Bug #7849 START TRANSACTION WITH CONSISTENT SNAPSHOT does not work if wrong isolat level
Submitted: 12 Jan 2005 23:15 Modified: 12 Jan 2005 23:30
Reporter: Guilhem Bichot Email Updates:
Status: Not a Bug Impact on me:
None 
Category:MySQL Server Severity:S3 (Non-critical)
Version:4.1 OS:Any (all)
Assigned to: Guilhem Bichot CPU Architecture:Any

[12 Jan 2005 23:15] Guilhem Bichot
Description:
The default isolation level of MySQL is REPEATABLE READ, in this default situation the bug does not exist.
It exists if user moves to less isolated levels. For example in a transaction at READ COMMITTED level, each SELECT creates a new consistent read.
If the transaction was started with START TRANSACTION WITH CONSISTENT SNAPSHOT, we do mean one unique consistent read for all tables, so this command must escalate the coming transaction's level to REPEATABLE READ if it's not already at this level or higher (SERIALIZABLE)

How to repeat:
see description
[12 Jan 2005 23:30] Guilhem Bichot
Mmm but this is not a bug. The definition of START TRANSACTION WITH CONSISTENT SNAPSHOT is (from the manual):
The effect is the same as issuing a @code{START
TRANSACTION} followed by a @code{SELECT} from any @code{InnoDB} table.
It just means "start the consistent read now and not at the next SELECT". It does not say what should happen at the 2nd SELECT.
Implicitely changing the isolation level does not fit into the manual's definition. So this is not a bug.
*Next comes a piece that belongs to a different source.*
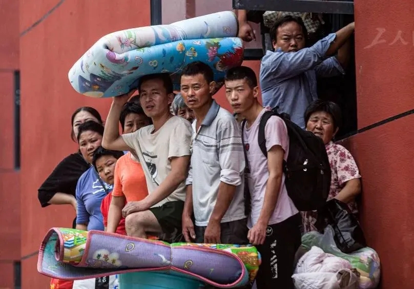 7月21日,固镇镇佛庵第二小学临时安置点,等待被转移出去的受困群众在二楼的平台上等待。
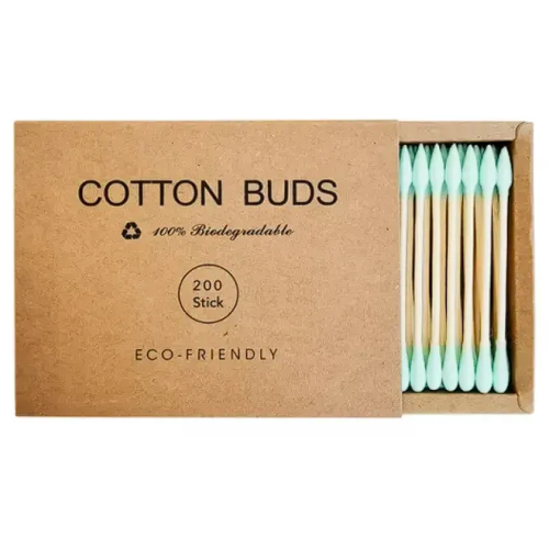 Палочки ватные бамбуковые обычные + острые Cotton Buds зеленые (200шт) картонная квадратная упаковка

It's the user's (e.g. mysqldump client) responsibility to set the proper isolation level if he wants a consistent read over everything.
[30 Jan 2006 20:09] Perrin Harkins
I understand the reasoning that this is not a bug, but I think the documentation for this feature is very misleading.  I expected it to provide a consistent snapshot until the next commit, regardless of the current isolation level.  I suggest explicitly saying that it starts a transaction *at the current isolation level* and thus doesn't provide consistency between reads when in an isolation level below REPEATABLE READ.